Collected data
▽

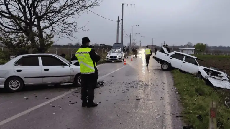 Ortaköy'den İnegöl'e seyir halinde olan sürücü Cemal Arık Aktaş(28) yönetimindeki 16 J 2837 plakalı otomobil, İnegöl'den Ortaköy Mahallesine seyir halinde sürücü Halil Çukadar(22) yönetimindeki 16 E 3295 plakalı otomobil, yağışla kayganlaşan yolda kontrolden çıkarak kafa kafaya çarpıştılar. Şiddetli çarpışmanın etkisiyle araçlar savrulurken 16 J 2837 plakalı otomobil parçalanarak hurdaya döndü.
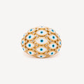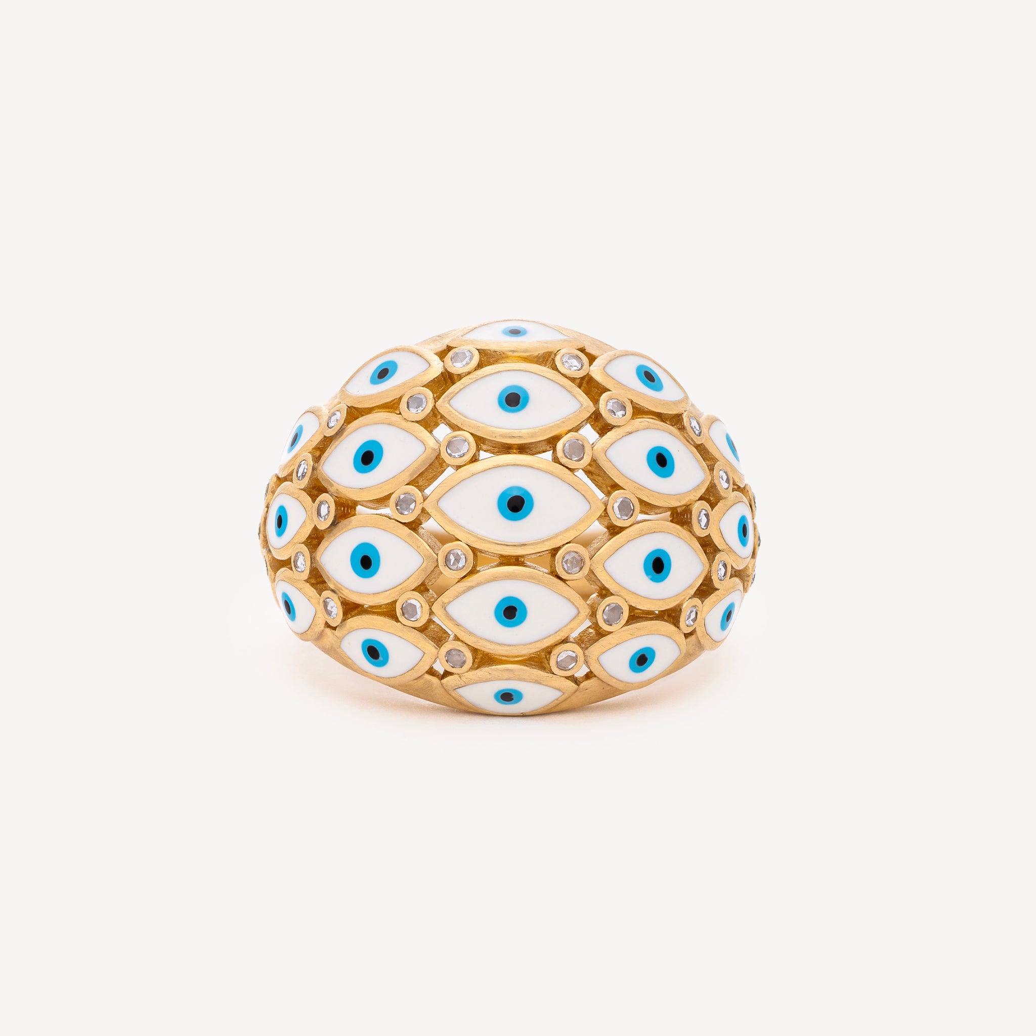 Découvrez l'élégance de la bague Dome Eye de Jacquie Aiche, une création qui fusionne l'art de la joaillerie avec la symbolique mystique. Cette bague d'exception allie l'or jaune à des diamants blancs, offrant un design épuré et moderne qui capture la lumière avec une grâce naturelle. Le diamant blanc, pierre de clarté et de transformation, est réputé pour amplifier l'énergie positive et favoriser la pureté de l'intention.
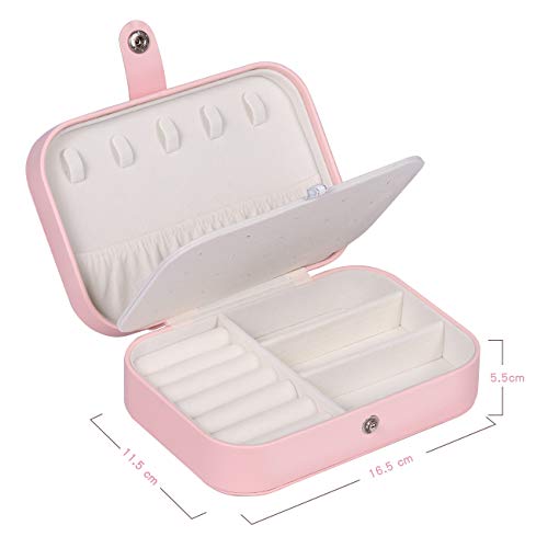 JOYUE Scatole Portagioie Gioielli, Portagioie da Viaggio da Donna 2 Strati Portable Gioielleria per Anelli Orecchini Collane Bracciali, 16,5 x 11,5 x 5,5 cm (Rosa)
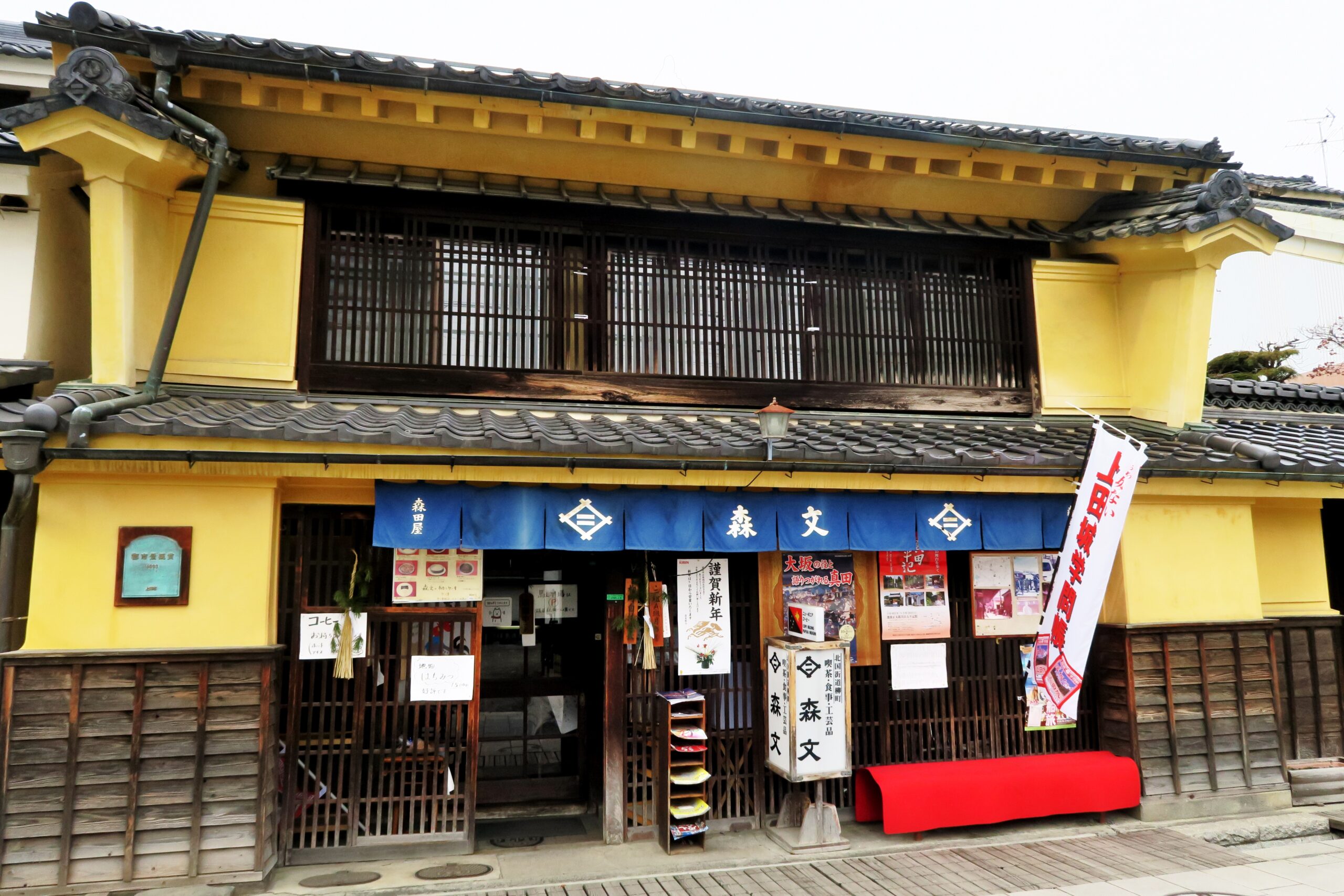 おお西の向かいに明治9年に建てられた元呉服屋-その後簡易郵便局になった建物を使った喫茶店「森文」があります。「卯建」の上がる建物は幕末期の建主の心意気です。こじんまりとした店内には、古いオーディオからジャズが流れています。先代から受け継いだ家伝の「強飯膳」が人気で、昆布や鰹節のダシと旬の素材がよくなじんで、おふくろの味を思い起こさせるおいしさです。手作りのケーキは6種類ほど揃い、酸味と苦味のバランスが絶妙なニューギニアブルーマウンテンのコーヒーがよく合います。
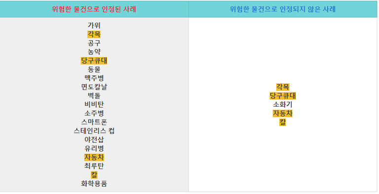 결국 위험한 물건인지 여부는 섣불리 단정할 수 없는 것입니다. 그러나 어떤 것들이 위험한 물건으로 인정되었는지에 관한 대략적인 느낌을 아는 것은 의미가 있을 것입니다. 아래 표를 보면 중복되는 항목들이 보이는데, 그것은 그 당시의 구체적인 상황과 물건을 사용한 방법에 따라 피해자가 위험성을 느꼈다고 볼 수 있는지가 달라진 것이라고 보면 됩니다.
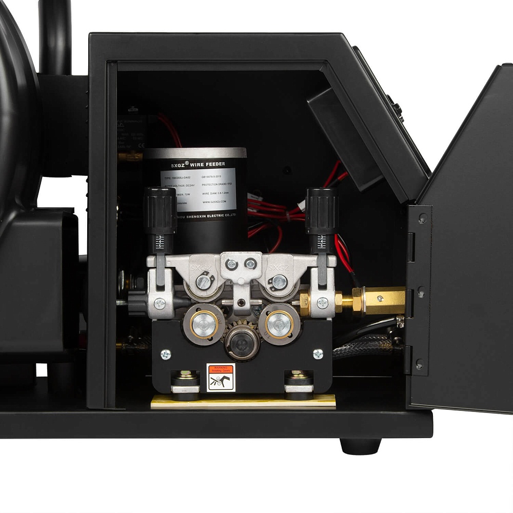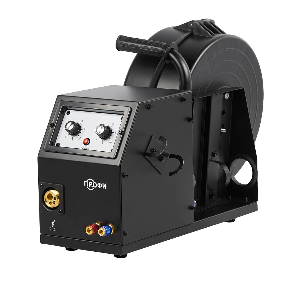 - 4-х роликовый металлический механизм подачи проволоки. Возможно установить катушку с проволокой весом до 15 кг. В подающем механизме установлены ролики 30х10х12 для стальной проволоки диаметром 0,8-1,0 мм.
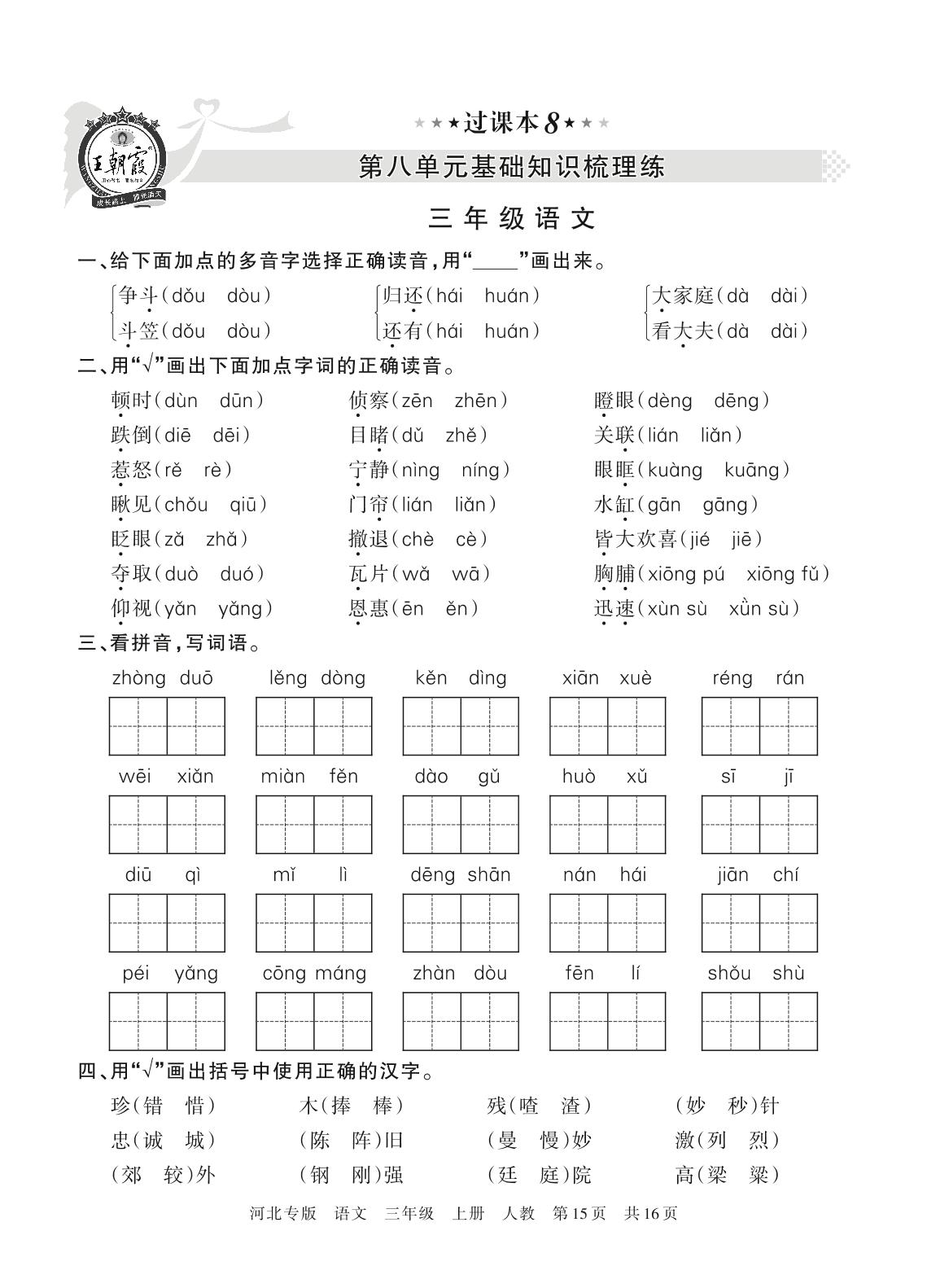 王朝霞期末过课本——第八单元基础知识梳理练三年级上册语文(人教版)_R211224091458548【8】
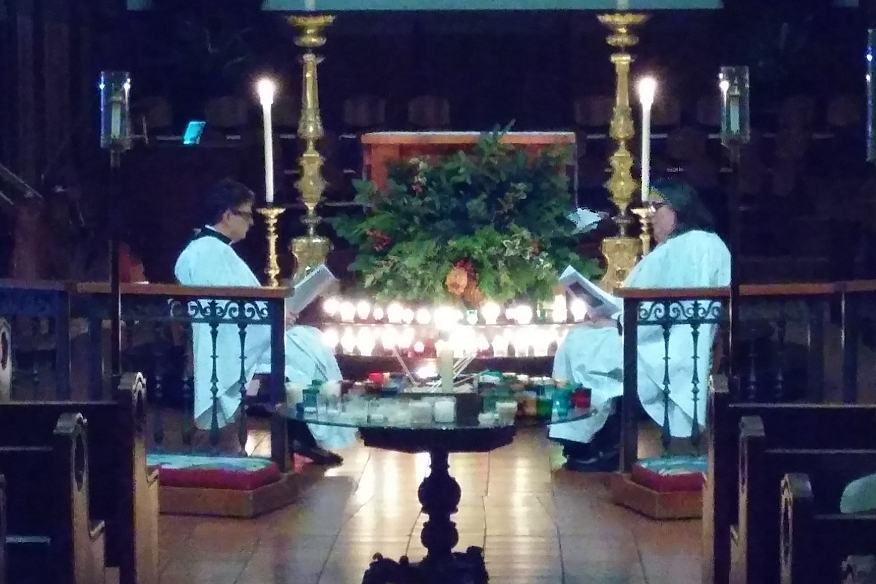 The cast: There were two women clergy vested in cassock, clerical collar, and the longest surplices I have ever seen – down to their ankles! But they were not named in the service leaflet, and it was too dark in the cathedral to make out their faces in good enough detail to look them up on the cathedral’s website.
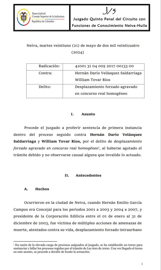Tras más de dos décadas de los hechos y dos años después de su muerte, Hernán Darío Velásquez Saldarriaga, conocido como alias «El Paisa», fue condenado a 6 años y 5 meses de prisión por el delito de desplazamiento forzado agravado en concurso real homogéneo. La sentencia se dictó por el Juzgado Quinto Penal del Circuito de Neiva y se relaciona con los hechos ocurridos en contra del exconcejal de Neiva, Hernán Emilio García Campos, entre los años 2001 y 2007.
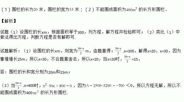 能否围成面积为的长方形围栏?如果能,求出该长方形的长和宽,如果不能请说明理由.
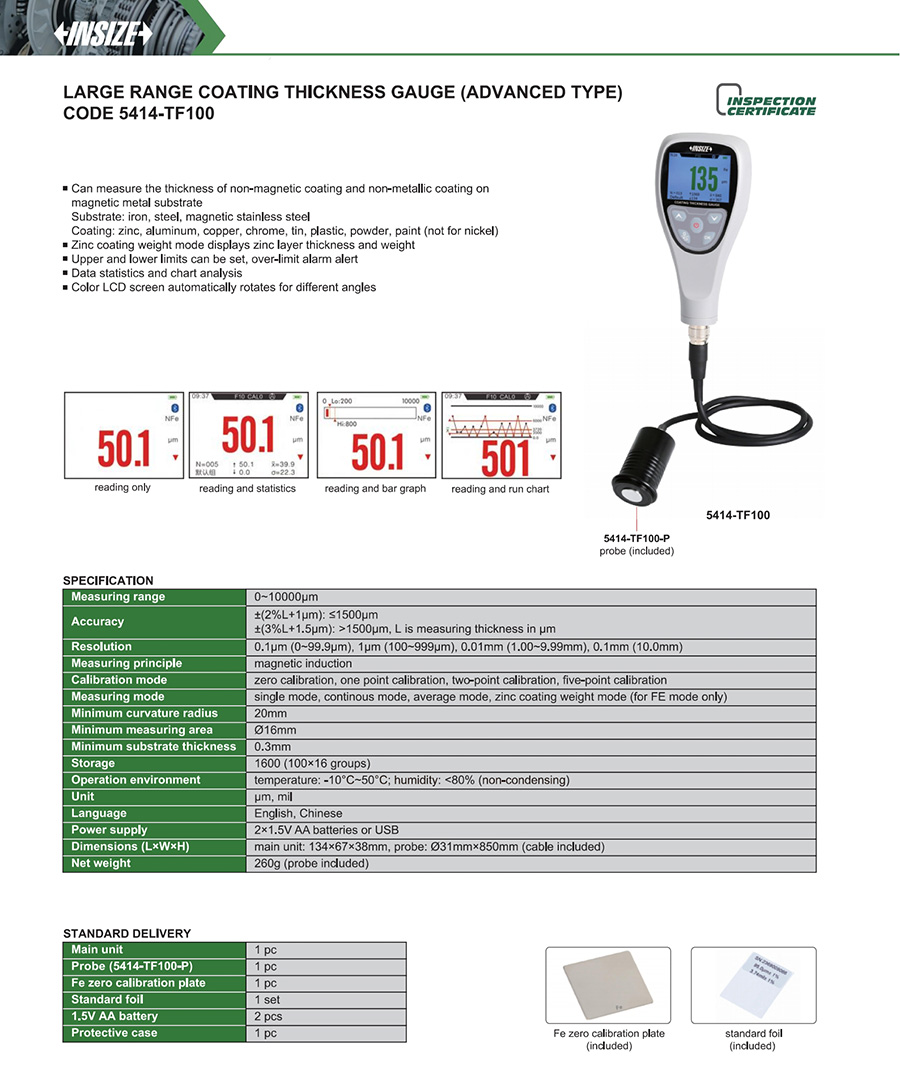 | 5414-TF100 | 0~10000µm | ±(2%L+1µm): ≤1500µm, ±(3%L+1.5µm): >1500µm | 0.1μm (0~99.9μm), 1μm (100~999μm), 0.01mm (1.00~9.99mm), 0.1mm (10.0mm) | no |
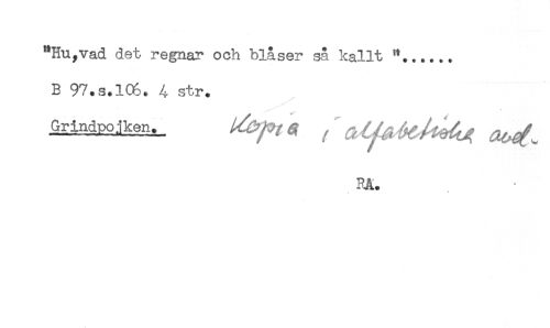 //// "Hu,vad det regnar och blåser så kallt "...... //// B 97.s.106. 4 str. //// Grindpojken. / 3 ^ //// RA. ////
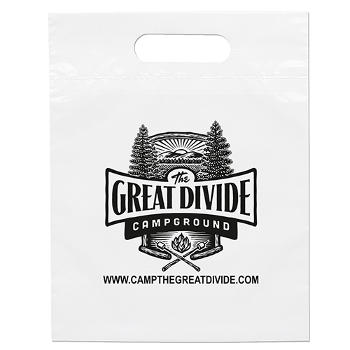 The 16W x 13H Digital Full Color Die Cut Bag is made with 2.0 mil plastic and non-reinforced die cut handles. The Digital Full Color print process showcases artwork with crisp colors, a generous imprint area, and exceptional clarity for small fonts, fine lines, and details.
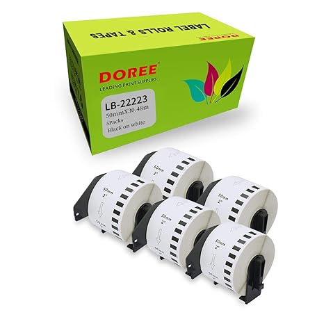DOREE 5 Rolls DK-22223, 50mm x 30.48m, Continuous Thermal Labels White on Black. DK22223 Compatible with Brother QL-500, QL-550, QL-570, QL-700, QL-800... Brother QL Series.

△

_Task goal_
Would you copy each line above exactly as given, dropping any images?

_Solution below_
 Ortaköy'den İnegöl'e seyir halinde olan sürücü Cemal Arık Aktaş(28) yönetimindeki 16 J 2837 plakalı otomobil, İnegöl'den Ortaköy Mahallesine seyir halinde sürücü Halil Çukadar(22) yönetimindeki 16 E 3295 plakalı otomobil, yağışla kayganlaşan yolda kontrolden çıkarak kafa kafaya çarpıştılar. Şiddetli çarpışmanın etkisiyle araçlar savrulurken 16 J 2837 plakalı otomobil parçalanarak hurdaya döndü.
 Découvrez l'élégance de la bague Dome Eye de Jacquie Aiche, une création qui fusionne l'art de la joaillerie avec la symbolique mystique. Cette bague d'exception allie l'or jaune à des diamants blancs, offrant un design épuré et moderne qui capture la lumière avec une grâce naturelle. Le diamant blanc, pierre de clarté et de transformation, est réputé pour amplifier l'énergie positive et favoriser la pureté de l'intention.
 JOYUE Scatole Portagioie Gioielli, Portagioie da Viaggio da Donna 2 Strati Portable Gioielleria per Anelli Orecchini Collane Bracciali, 16,5 x 11,5 x 5,5 cm (Rosa)
 おお西の向かいに明治9年に建てられた元呉服屋-その後簡易郵便局になった建物を使った喫茶店「森文」があります。「卯建」の上がる建物は幕末期の建主の心意気です。こじんまりとした店内には、古いオーディオからジャズが流れています。先代から受け継いだ家伝の「強飯膳」が人気で、昆布や鰹節のダシと旬の素材がよくなじんで、おふくろの味を思い起こさせるおいしさです。手作りのケーキは6種類ほど揃い、酸味と苦味のバランスが絶妙なニューギニアブルーマウンテンのコーヒーがよく合います。
 결국 위험한 물건인지 여부는 섣불리 단정할 수 없는 것입니다. 그러나 어떤 것들이 위험한 물건으로 인정되었는지에 관한 대략적인 느낌을 아는 것은 의미가 있을 것입니다. 아래 표를 보면 중복되는 항목들이 보이는데, 그것은 그 당시의 구체적인 상황과 물건을 사용한 방법에 따라 피해자가 위험성을 느꼈다고 볼 수 있는지가 달라진 것이라고 보면 됩니다.
 - 4-х роликовый металлический механизм подачи проволоки. Возможно установить катушку с проволокой весом до 15 кг. В подающем механизме установлены ролики 30х10х12 для стальной проволоки диаметром 0,8-1,0 мм.
 王朝霞期末过课本——第八单元基础知识梳理练三年级上册语文(人教版)_R211224091458548【8】
 The cast: There were two women clergy vested in cassock, clerical collar, and the longest surplices I have ever seen – down to their ankles! But they were not named in the service leaflet, and it was too dark in the cathedral to make out their faces in good enough detail to look them up on the cathedral’s website.
Tras más de dos décadas de los hechos y dos años después de su muerte, Hernán Darío Velásquez Saldarriaga, conocido como alias «El Paisa», fue condenado a 6 años y 5 meses de prisión por el delito de desplazamiento forzado agravado en concurso real homogéneo. La sentencia se dictó por el Juzgado Quinto Penal del Circuito de Neiva y se relaciona con los hechos ocurridos en contra del exconcejal de Neiva, Hernán Emilio García Campos, entre los años 2001 y 2007.
 能否围成面积为的长方形围栏?如果能,求出该长方形的长和宽,如果不能请说明理由.
 | 5414-TF100 | 0~10000µm | ±(2%L+1µm): ≤1500µm, ±(3%L+1.5µm): >1500µm | 0.1μm (0~99.9μm), 1μm (100~999μm), 0.01mm (1.00~9.99mm), 0.1mm (10.0mm) | no |
 //// "Hu,vad det regnar och blåser så kallt "...... //// B 97.s.106. 4 str. //// Grindpojken. / 3 ^ //// RA. ////
 The 16W x 13H Digital Full Color Die Cut Bag is made with 2.0 mil plastic and non-reinforced die cut handles. The Digital Full Color print process showcases artwork with crisp colors, a generous imprint area, and exceptional clarity for small fonts, fine lines, and details.
DOREE 5 Rolls DK-22223, 50mm x 30.48m, Continuous Thermal Labels White on Black. DK22223 Compatible with Brother QL-500, QL-550, QL-570, QL-700, QL-800... Brother QL Series.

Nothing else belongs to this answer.